*** Opening Records to use ***
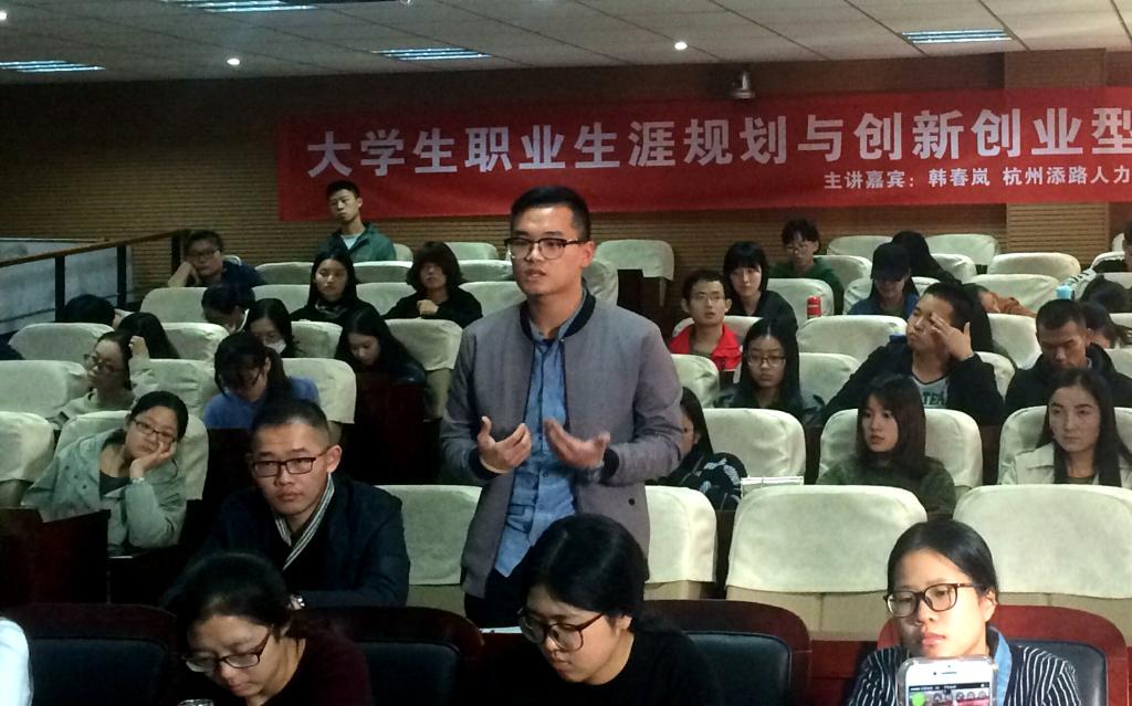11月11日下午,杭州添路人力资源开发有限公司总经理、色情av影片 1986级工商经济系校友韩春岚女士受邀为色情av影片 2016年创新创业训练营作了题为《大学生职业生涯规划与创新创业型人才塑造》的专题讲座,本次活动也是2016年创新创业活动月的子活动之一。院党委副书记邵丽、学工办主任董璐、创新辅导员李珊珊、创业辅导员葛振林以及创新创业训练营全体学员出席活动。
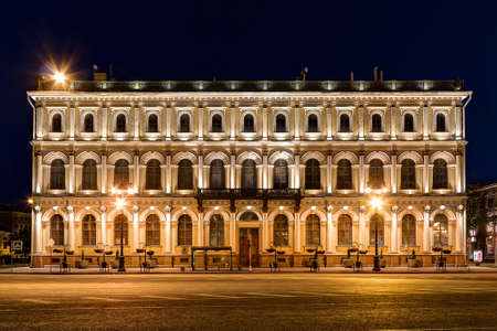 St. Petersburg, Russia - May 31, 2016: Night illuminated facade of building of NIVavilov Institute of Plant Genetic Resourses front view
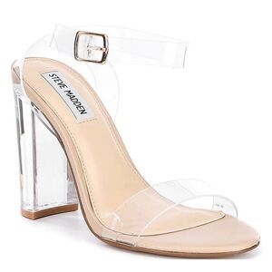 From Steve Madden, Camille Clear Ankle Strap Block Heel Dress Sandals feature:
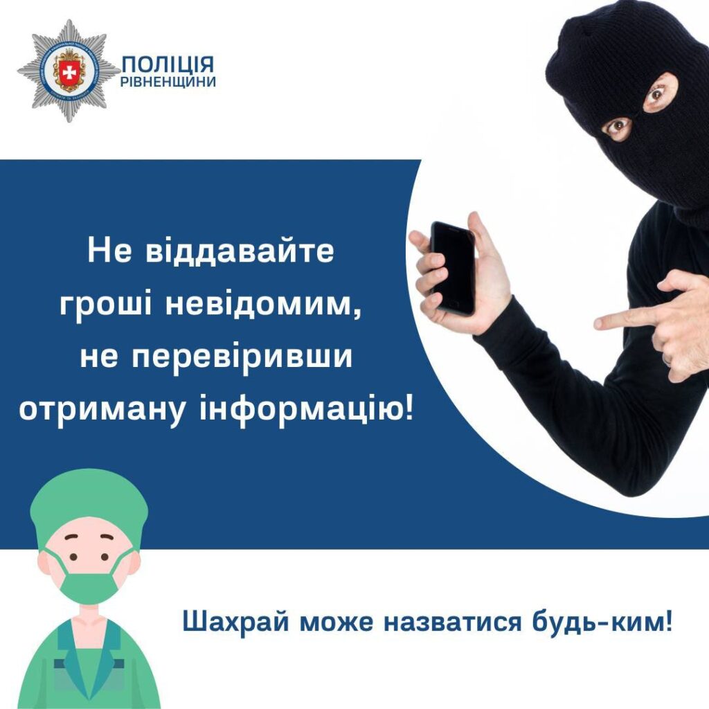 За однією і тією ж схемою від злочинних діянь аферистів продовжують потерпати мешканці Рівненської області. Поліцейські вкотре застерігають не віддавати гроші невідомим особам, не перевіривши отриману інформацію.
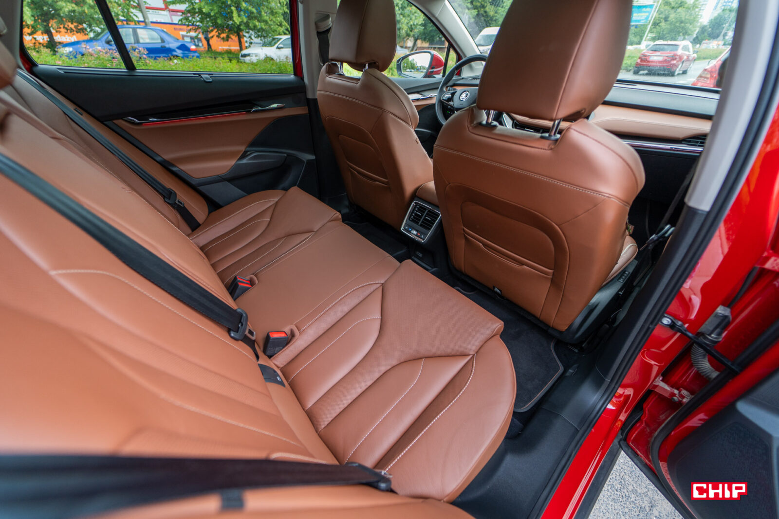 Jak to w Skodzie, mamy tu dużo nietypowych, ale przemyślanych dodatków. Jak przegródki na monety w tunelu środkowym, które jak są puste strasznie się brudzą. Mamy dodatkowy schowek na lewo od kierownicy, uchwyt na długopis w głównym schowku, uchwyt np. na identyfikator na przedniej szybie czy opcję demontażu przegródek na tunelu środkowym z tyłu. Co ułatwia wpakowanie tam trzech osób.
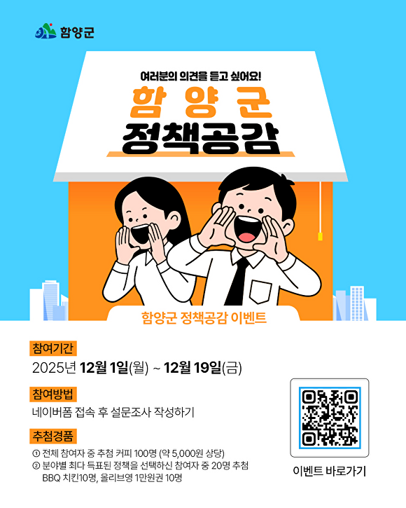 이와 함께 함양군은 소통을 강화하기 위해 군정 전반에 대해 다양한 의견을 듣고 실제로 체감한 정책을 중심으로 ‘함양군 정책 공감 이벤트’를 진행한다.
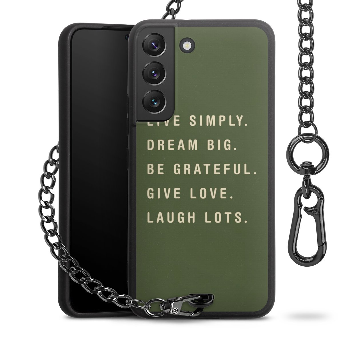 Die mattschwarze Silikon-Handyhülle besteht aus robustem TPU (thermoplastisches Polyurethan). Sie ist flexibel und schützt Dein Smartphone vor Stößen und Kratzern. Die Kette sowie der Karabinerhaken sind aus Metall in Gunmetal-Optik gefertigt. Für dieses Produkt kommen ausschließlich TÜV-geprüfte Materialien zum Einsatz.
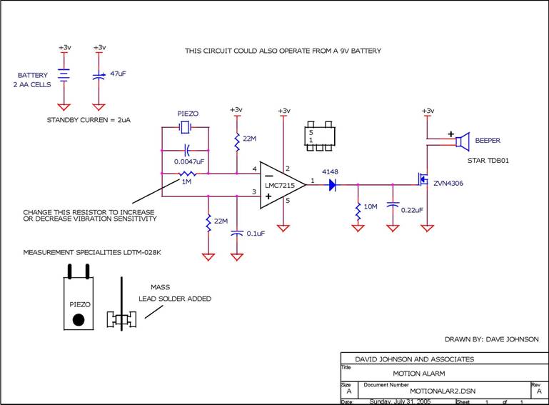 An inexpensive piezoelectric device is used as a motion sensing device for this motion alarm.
*** Closing Records to use ***
*** Opening Records to use ***
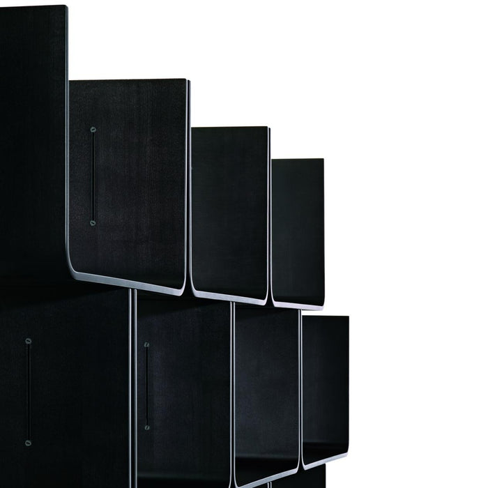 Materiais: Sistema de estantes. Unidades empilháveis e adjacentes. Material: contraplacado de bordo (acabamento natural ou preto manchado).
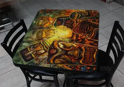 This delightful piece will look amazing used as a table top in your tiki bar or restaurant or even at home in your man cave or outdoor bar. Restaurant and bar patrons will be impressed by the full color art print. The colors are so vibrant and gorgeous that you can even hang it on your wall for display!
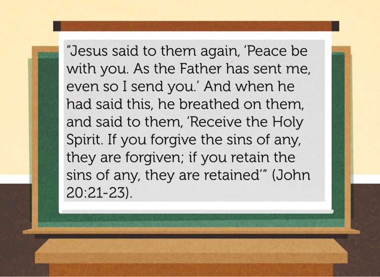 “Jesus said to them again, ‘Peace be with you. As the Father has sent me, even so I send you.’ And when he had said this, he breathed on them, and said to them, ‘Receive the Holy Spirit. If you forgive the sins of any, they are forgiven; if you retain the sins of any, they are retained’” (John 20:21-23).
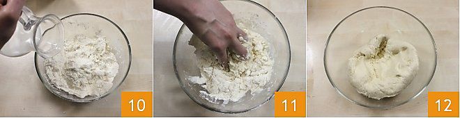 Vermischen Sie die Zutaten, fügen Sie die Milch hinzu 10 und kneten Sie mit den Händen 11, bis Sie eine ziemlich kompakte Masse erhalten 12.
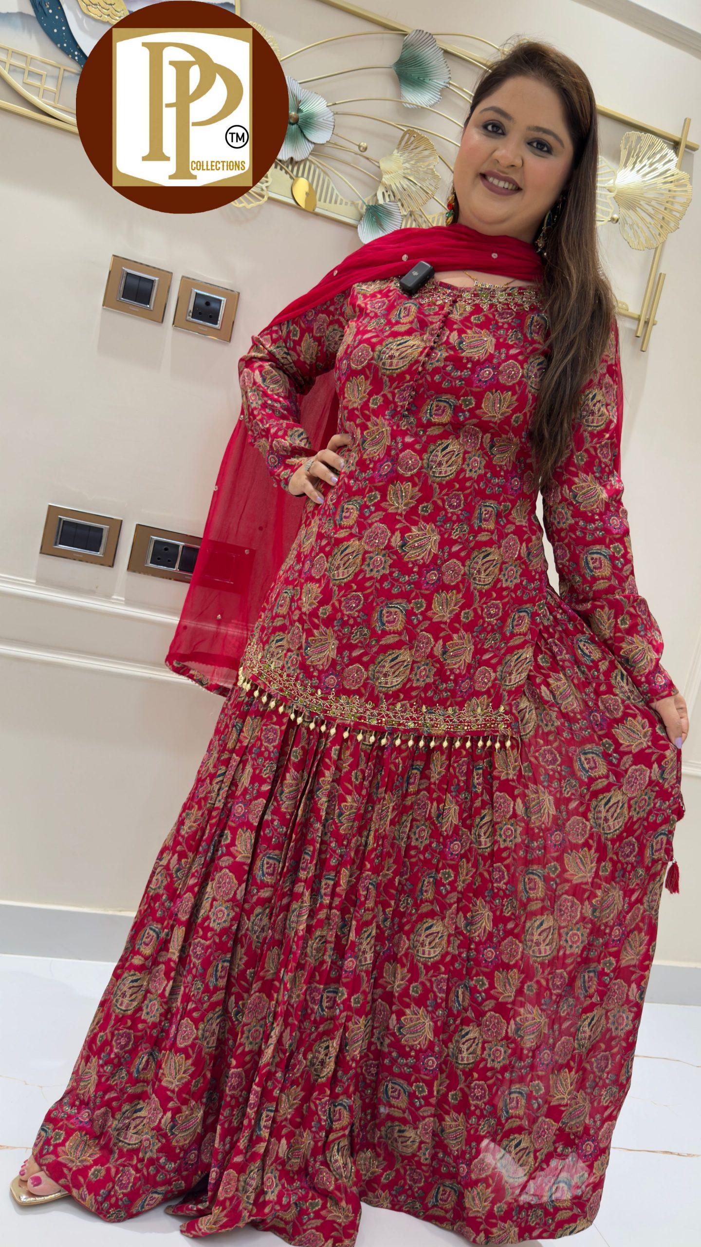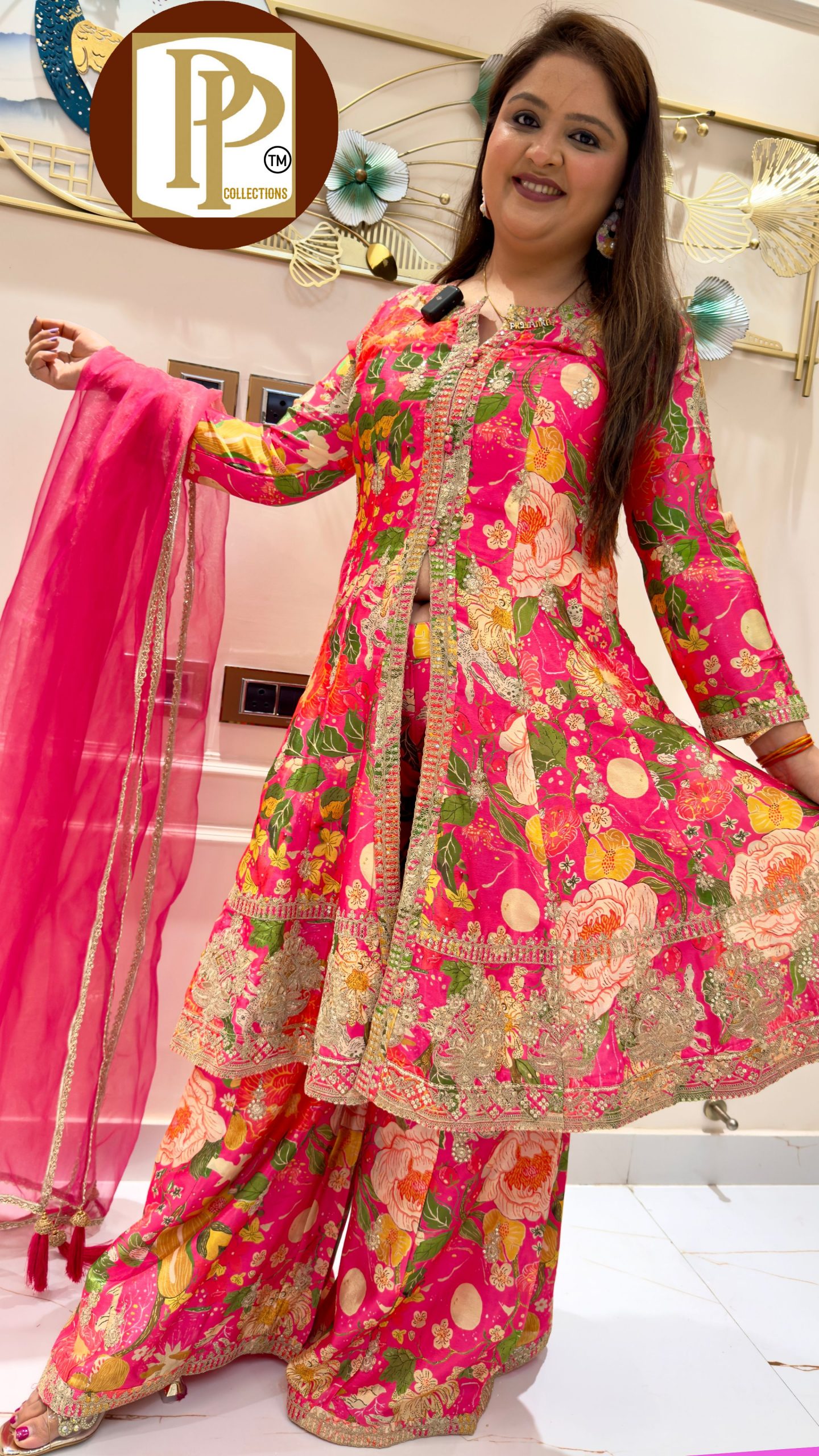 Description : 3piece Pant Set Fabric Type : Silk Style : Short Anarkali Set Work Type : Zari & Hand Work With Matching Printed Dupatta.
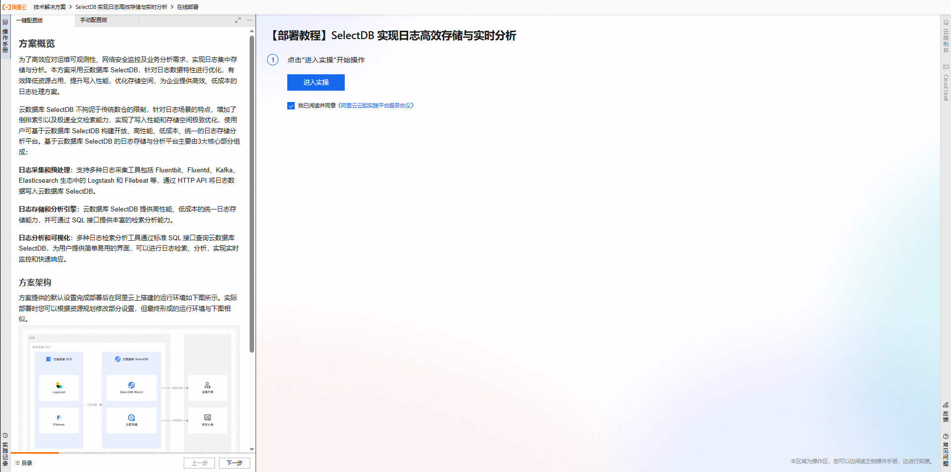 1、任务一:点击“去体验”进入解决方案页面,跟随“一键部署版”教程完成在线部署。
*** Closing Records to use ***
*** Opening Records to use ***
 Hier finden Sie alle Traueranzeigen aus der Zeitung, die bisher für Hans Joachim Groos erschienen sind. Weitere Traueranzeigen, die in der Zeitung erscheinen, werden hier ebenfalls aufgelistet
*** Closing Records to use ***
> _Problem description_
Give back exactly the lines above from the one with "Jak to w Skodzie, mamy" through the one with "이와 함께 함양군은 소통을", both included. Pictures don't belong in the copy.

> _Response for this exercise_
 Jak to w Skodzie, mamy tu dużo nietypowych, ale przemyślanych dodatków. Jak przegródki na monety w tunelu środkowym, które jak są puste strasznie się brudzą. Mamy dodatkowy schowek na lewo od kierownicy, uchwyt na długopis w głównym schowku, uchwyt np. na identyfikator na przedniej szybie czy opcję demontażu przegródek na tunelu środkowym z tyłu. Co ułatwia wpakowanie tam trzech osób.
 이와 함께 함양군은 소통을 강화하기 위해 군정 전반에 대해 다양한 의견을 듣고 실제로 체감한 정책을 중심으로 ‘함양군 정책 공감 이벤트’를 진행한다.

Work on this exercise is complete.